Heineken has put its mothballed production site in Kaliningrad up for sale, according to a report from Reuters on Monday. The world’s third-largest brewer halted production at the plant in January after a steady decline in the Russian beer market.
“We have a sober estimate of the economic situation in the country as a whole and in the region in particular,” the company said in a statement announcing the sale.
The Dutch company purchased the brewery in 2005, when it bought Ivan Taranov Breweries for an undisclosed sum. At the time, Russia was the world's fifth-biggest beer market - after China, the United States, Germany and Brazil. All of the leading brewing companies were keen to expand into one of the world's fastest-growing beer markets.
There has been a steep decline in sales for companies like Heineken and Carlsberg in Russia, due to new regulations on alcohol consumption in the region.
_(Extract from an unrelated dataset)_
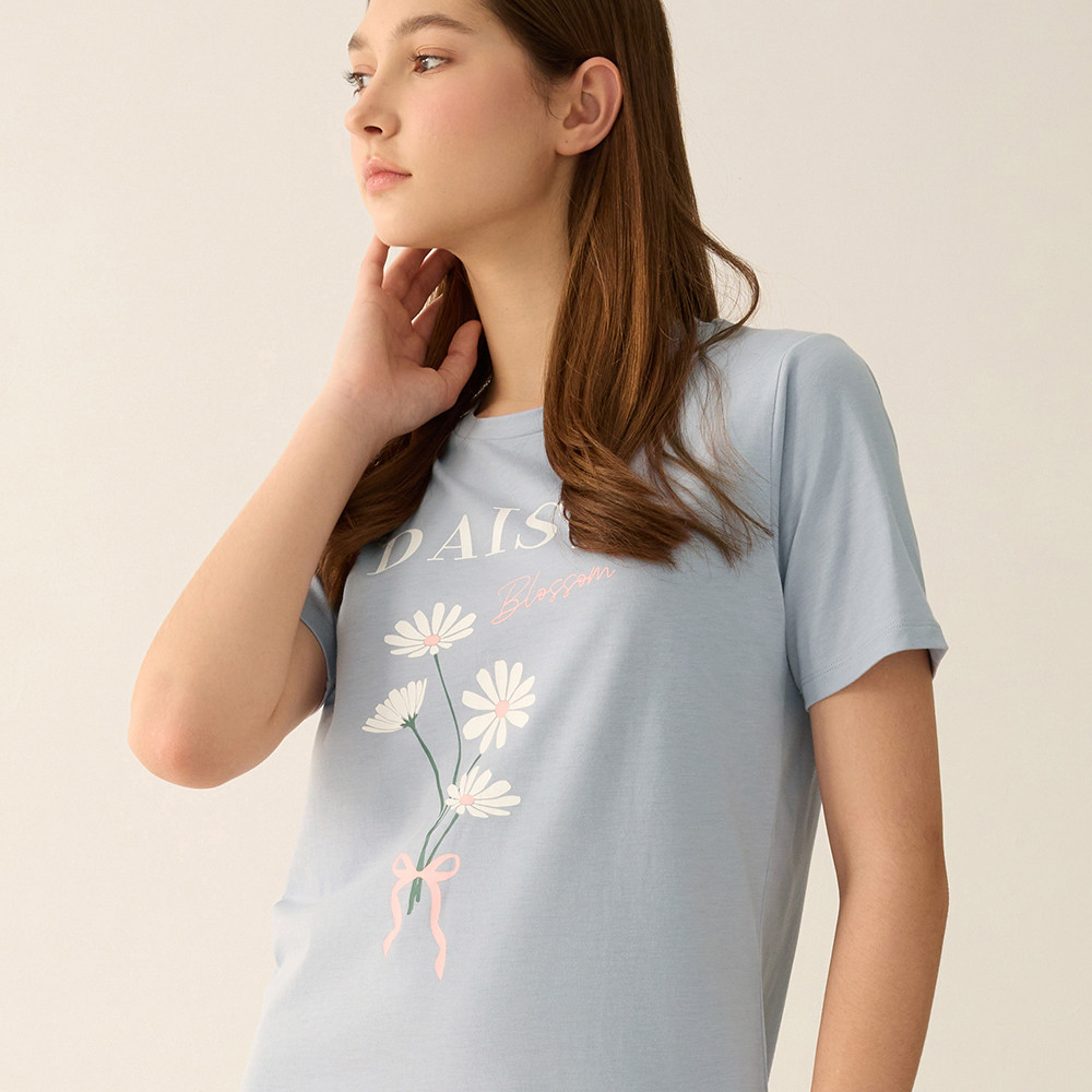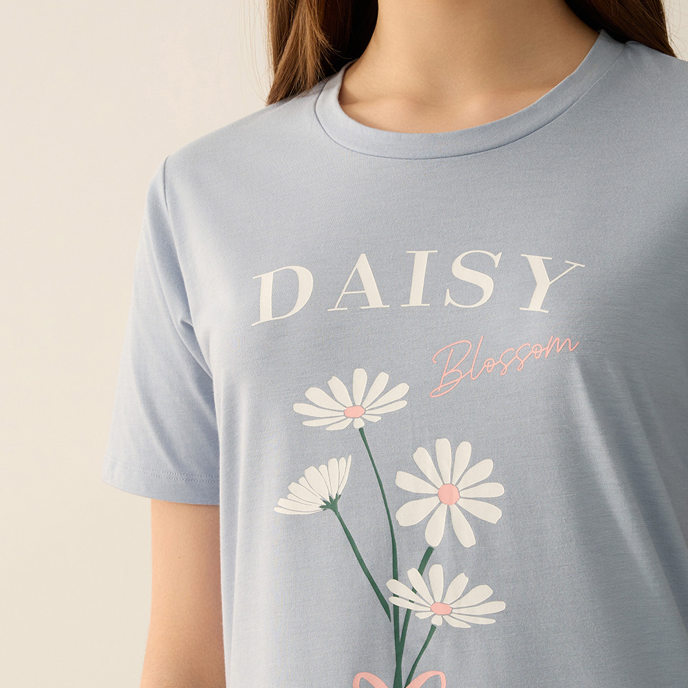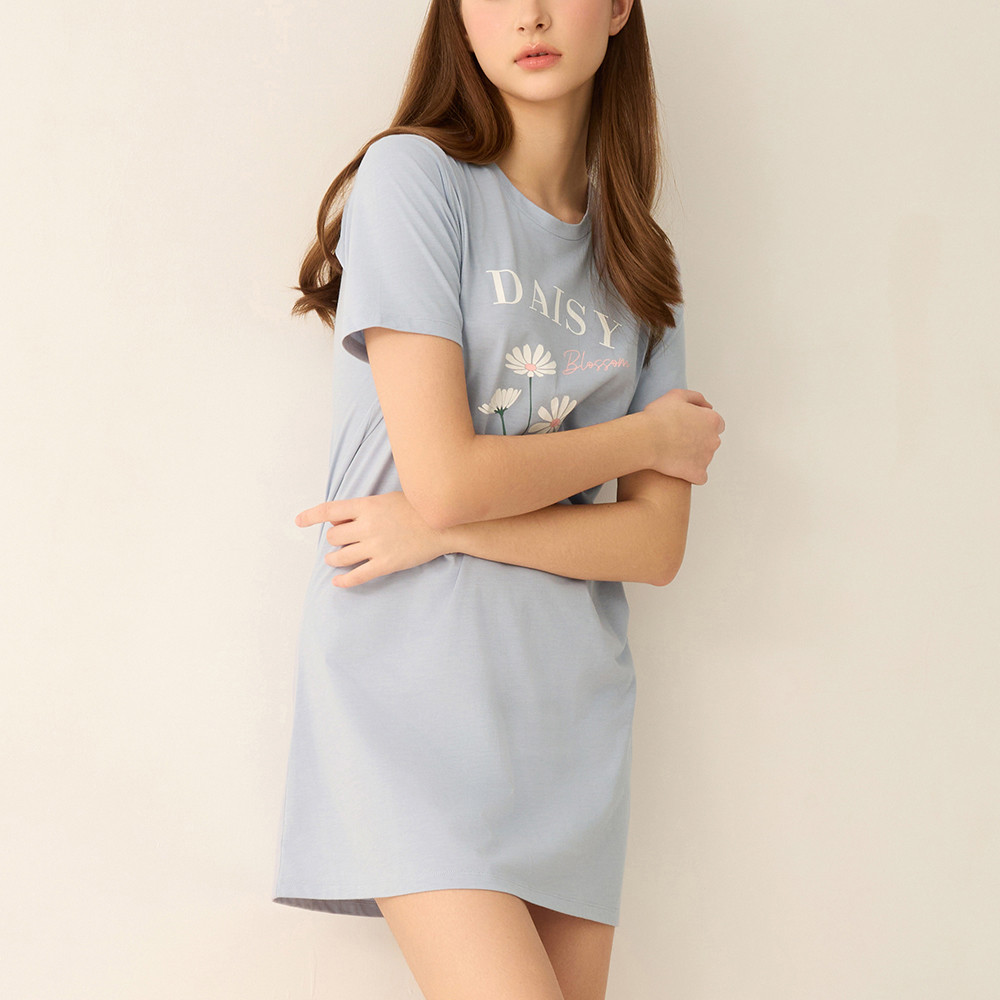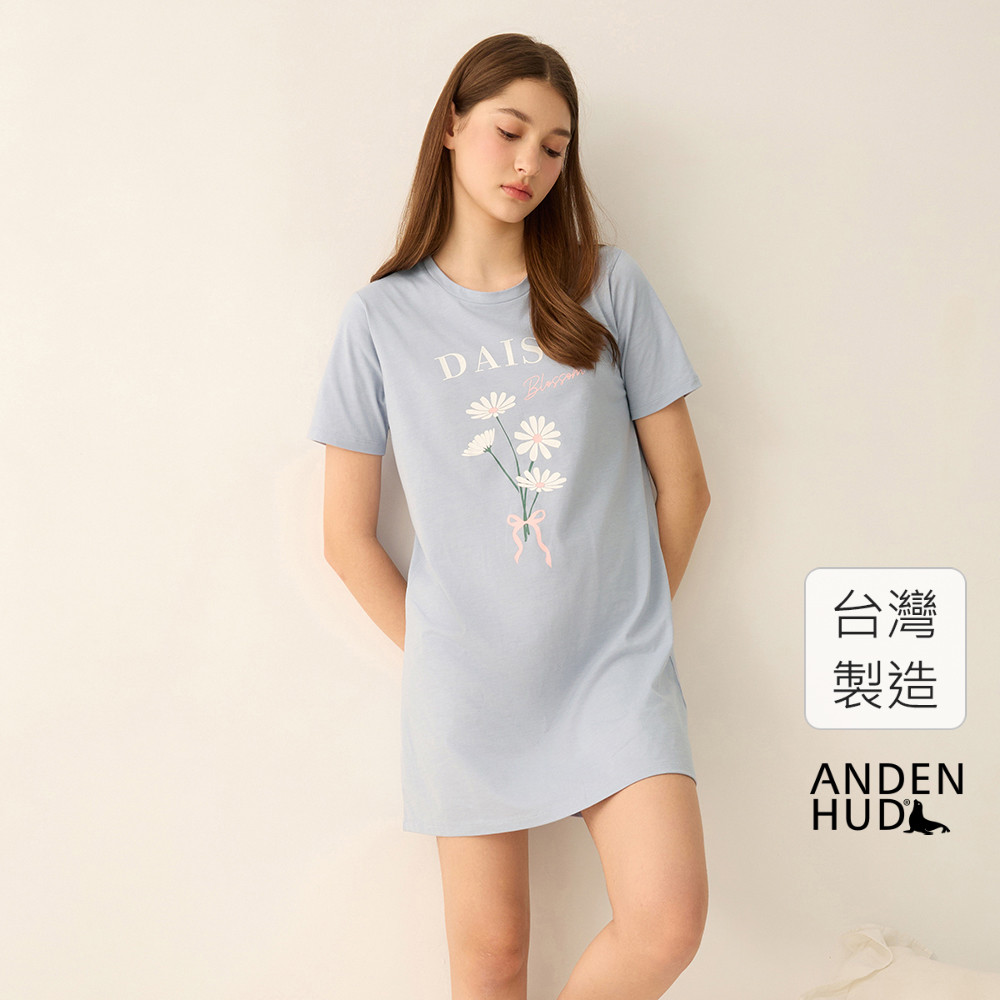 【Anden Hud】連身_夏日暖陽.吸濕排汗圓領中長版短袖睡衣(淺灰藍-大雛菊) 純棉台灣製S|M|L|XLPajamasAnden Hud 台灣製內著 官方旗艦店

The Kremlin launched an anti-alcohol campaign in 2010, which aims to cut alcohol consumption in half by 2020. It has also banned advertising, raised taxes and limited the size of plastic beer bottles to a maximum of 1.5 liters.
According to the Beer in Russia market report from Euromonitor International, beer recorded a total volume decline of 3% in 2016. It says, in the context of significantly reduced beer consumption in Russia since 2013, the drop in 2016 signalled the start of demand stabilisation.
It says one of the main supporting factors behind this was the rise of affordable beer, both offered by market leaders via aggressive discount pricing and by regional inexpensive brands.
Heineken said it planned to raise at least 250 million roubles ($4.3 million) from the sale and invest the proceeds in other projects.